Welcome to the c word

I rarely show the world what is going on inside it is just not my style. I hide pain and constantly worry about worrying other people and how they will feel about how I am feeling. I keep my problems to myself and sometimes even from my closest friends. Well not this time.

I have been on the c word roller-coaster (I'm calling it the c word to go easy on the faint hearted) for over three weeks now and have decided it is a good idea to write down what's happened, happening and going to happen then whoever wants to keep up to date can without being forced to hear about it through emails from me. Because you will all have days where you just can't or don't want to hear about this.

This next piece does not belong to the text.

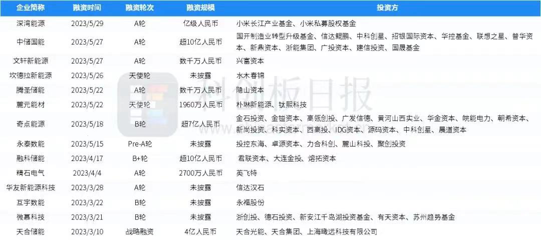 儲能領(lǐng)域一級市場融資火熱

I get that it’s ok.

I hope not but you also might meet people or know people who go through something similar and it might just help them in some way to know they are not alone and when they fall apart it is ok because who wouldn’t. When you read this please forgive grammar and spelling etc I have not slept for three days and sorry too if it is up and down that is pretty much how I am doing most days.

- Tuesday 23rd February 2010

Wednesday 30 June 2010

Too much time on my hands

Not a lot to say really. No not glowing yet, no super powers. Just very tired and have a bit of red skin colour, swelling and an itchy feeling but nothing major. As they said there will not be strong side effects for a couple of weeks. Me inside? Well I am little low today, too much time alone to think. I really would like access to a car now to get about and get back to see the boys, Phil and of course my little Monty shadow who I miss the most and unfortunately I seem to be a little unlucky at the mo with that. Should be mobile any day now hopefully.